According to Wendy Chu, Hong Kong Disneyland's marketing director, the event is also growing in popularity with corporate guests which have increased six-fold compared to last year.

"It is evident that companies welcome a specially-themed ambience, such as Disneyland's Haunted Halloween, that they can leverage to deliver a unique experience to their employees, customers and other stakeholders," she said.

While declining to give exact attendance figures, Chu said the park management were optimistic about visitor numbers and that the events was one of the key programmes of the park's calendar.

Ocean Park's Tom Mehrmann is positive the appeal of its Halloween Bash looks set to continue - as long as the attractions are updated and kept fresh and culturally relevant for the "very sophisticated market". This, he says, is a lesson, the park learnt very early in its Halloween experience.

 Scary Business

Halloween costumes and mask on sale in Central's Pottinger Street.

"When I first joined the company, we were doing very Western-based ghosts like the ones you would find in Hollywood movies, such as Dracula and Frankenstein," he said.

"We found guests reacted in an amused sort of way but without surprise or fright. But we did get some very good feedback on a Chinese bride and groom we featured who were very popular.

"It was then we realized to be culturally relevant to the market, we had to abandon the Western approach to goblins and ghosts and work with local ghost stories.

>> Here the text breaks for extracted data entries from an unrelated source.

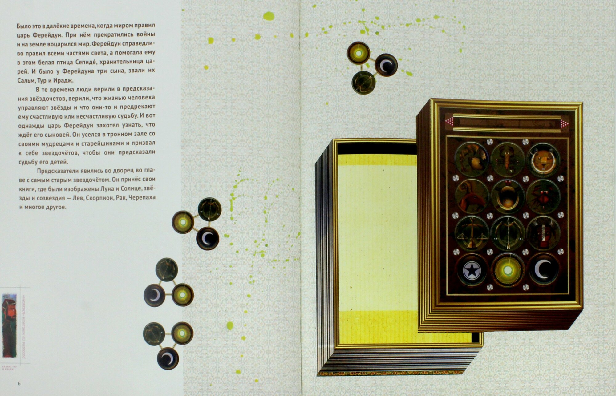 В те времена люди верили в предсказания звездочётов, верили, что жизнью человека управляют звёзды и что они-то и предрекают ему счастливую или несчастливую судьбу. И вот однажды царь Ферейдун захотел узнать, что ждёт его сыновей. Он уселся в тронном зале со своими мудрецами и старейшинами и призвал к себе звездочётов, чтобы они предсказали судьбу его детей...
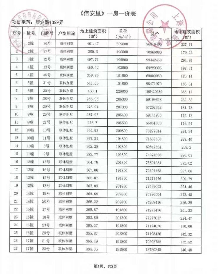 风貌别墅 一房一价表:
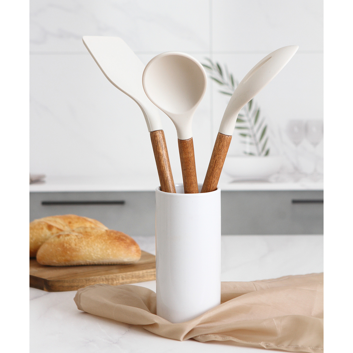 Juego Lulea. - Juego de utensilios de cocina, fabricados en madera de acacia y silicón, contiene dos cucharas y una espátula. Incluye base de cerámica blanca.
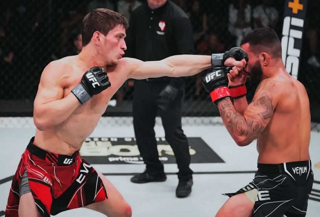 Second, his escapes are like magic tricks. In his fight against Mads Burnell at UFC 251, Burnell locked a deep guillotine. Most fighters would panic, but Movsar rolled his shoulder, twisted his hips, and slipped out as if he were stepping out of a tight subway carriage. The crowd gasped, the commentators shouted “What a Houdini!” – and Burnell was left staring at an empty mat.
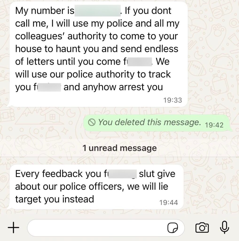The case first surfaced on 17 March when the online post gained traction among members of the public. The screenshots appeared to show an exchange between the suspect and another individual, during which she allegedly presented herself as a police officer.
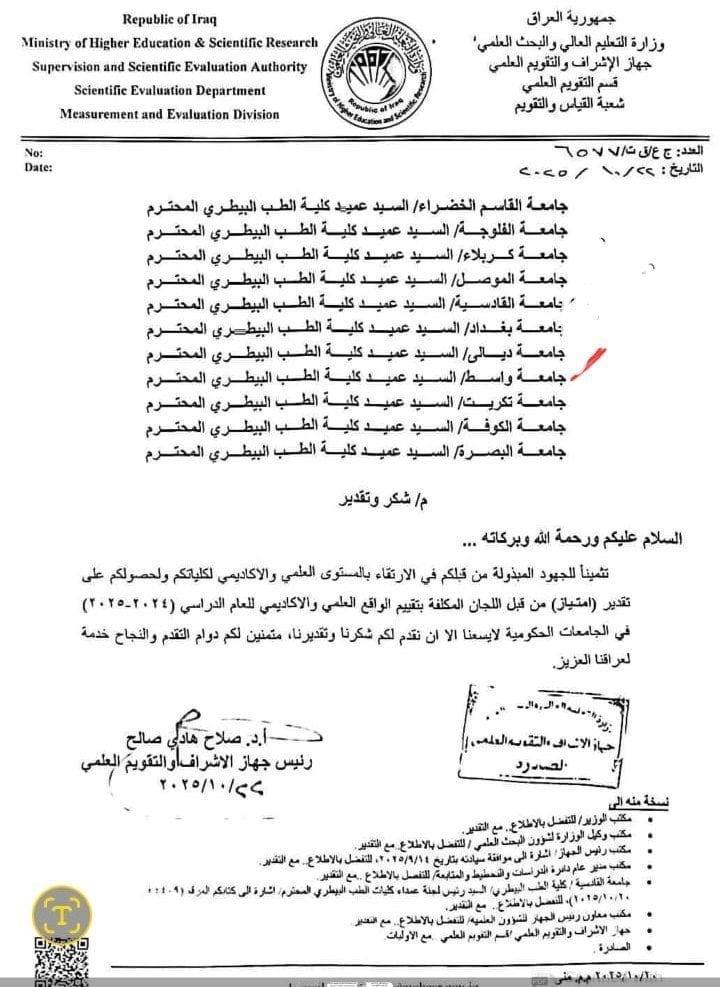 تثمينًا للجهود المتميزة المبذولة في الارتقاء بالمستوى العلمي والأكاديمي للكلية، وجه جهاز الإشراف والتقويم العلمي في وزارة التعليم العالي والبحث العلمي كتاب شكر وتقدير إلى الأستاذ الدكتور #ستار راشد سهيل، عميد كلية الطب البيطري –جامعة واسط، وذلك لحصول الكلية على تقدير (امتياز)في تقييم الواقع العلمي والأكاديمي للعام الدراسي 2024–2025 ضمن كليات الطب البيطري في الجامعات الحكومية العراقية.
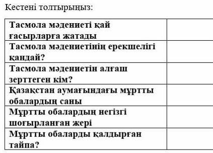 1.Тасмола мәдениеті біздің эрамызға дейінгі VII—III ғасырларға жатады.
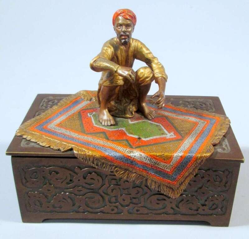 The hinged lid mounted with cast figure of a man squatting on an oriental rug, the interior with wood liner.
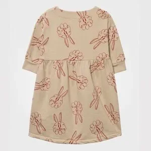 Sweat dress by Bobo Choses. In sand with red all over BUNNIE print. Featuring a round neck, short placket with push button closure and a pleaded skirtseam.
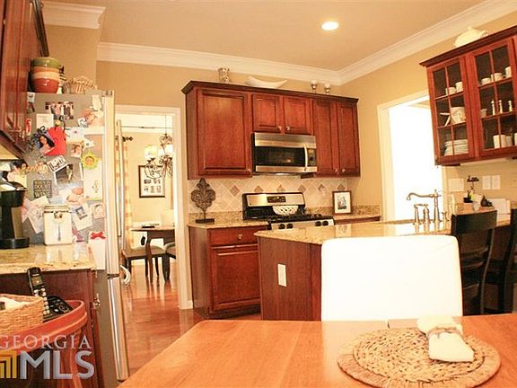 Rocking chair porch. You'll cherish the porch that comes w/this stone home in Peachtree Ct. You'll enjoy 4BRs, 3BA, master ste w/walk-in closet for lots of clothes, linen closet, dual sinks, custom storage, vanity, separate shower, whirlpool tub, captivating dining room, impressive living rm w/wood floors, wet bar, fireplace, modern kit w/walk-in pantry, custom cabs, bookshelves, microwave, gas range, bkfst area, bkfst bar for serving buffets, gr anite countertops.
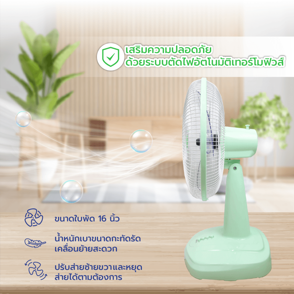 3.ไม่ควรแหย่นิ้ว หรือวัตถุใดๆ เข้าในช่องตะแกรง ไม่ควรวางบนที่นุ่มเช่น เตียง โซฟา ควรวางพัดลมบนพื้นที่เรียบเท่านั้น
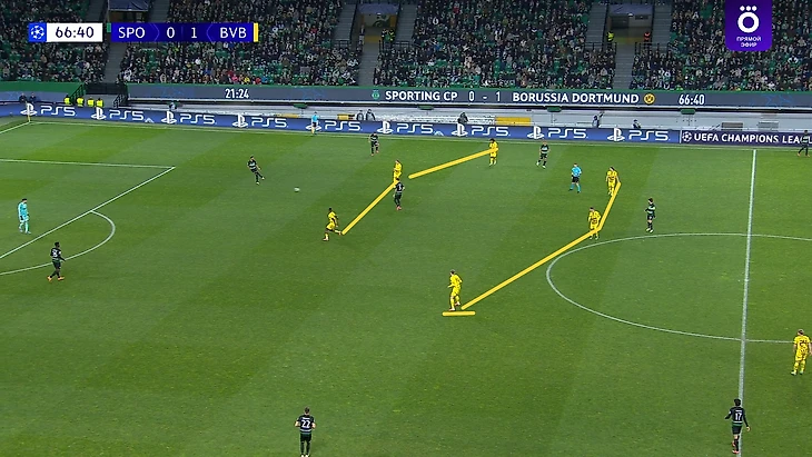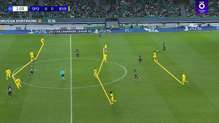 Уходя от персоналий, в первую очередь скажу про игру «Дортмунда» без мяча, которая буквально каждый матч претерпевает значительные изменения, и этот исключением не стал
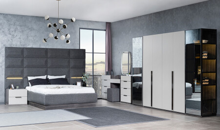 6 أبواب الحجرة - السرير والرأس - الملابس والمرايا - 2 طاولات جنب إلى جنب إلى جنب مع السرير هي مدرجة في السعر

"That was the huge turning point. It changed the whole nature of the event. Today, from everything I am hearing in the industry, we are now the largest Halloween party in the world for theme parks, in terms of attendance, the number of attractions on offer and the number of ghosts on the street."

The idea of Halloween evolving to better fit Hong Kong's culture is something Joseph Bosco finds interesting as an anthropologist.

"Halloween is still quite new and driven by commercial outfits which tend to be influenced by Western people or with Western experience," said Bosco.

"I am looking forward to seeing how it will transform over the next few years, or decade, into something more authentically local."

How the event will evolve in future, is likely not to be a consideration of the many thousands who will dress up next Wednesday night to haunt the streets, bars and restaurants of Hong Kong.

Likewise its past will be of little interest, with most not knowing or caring about the true origins of this festival which is linked to both Christian and pagan festivals.

"It's a wonderful form of escapism," said Mehrmann. 'It creates a social interaction, it creates a connection. People tap into their base emotions to let off steam and just have fun.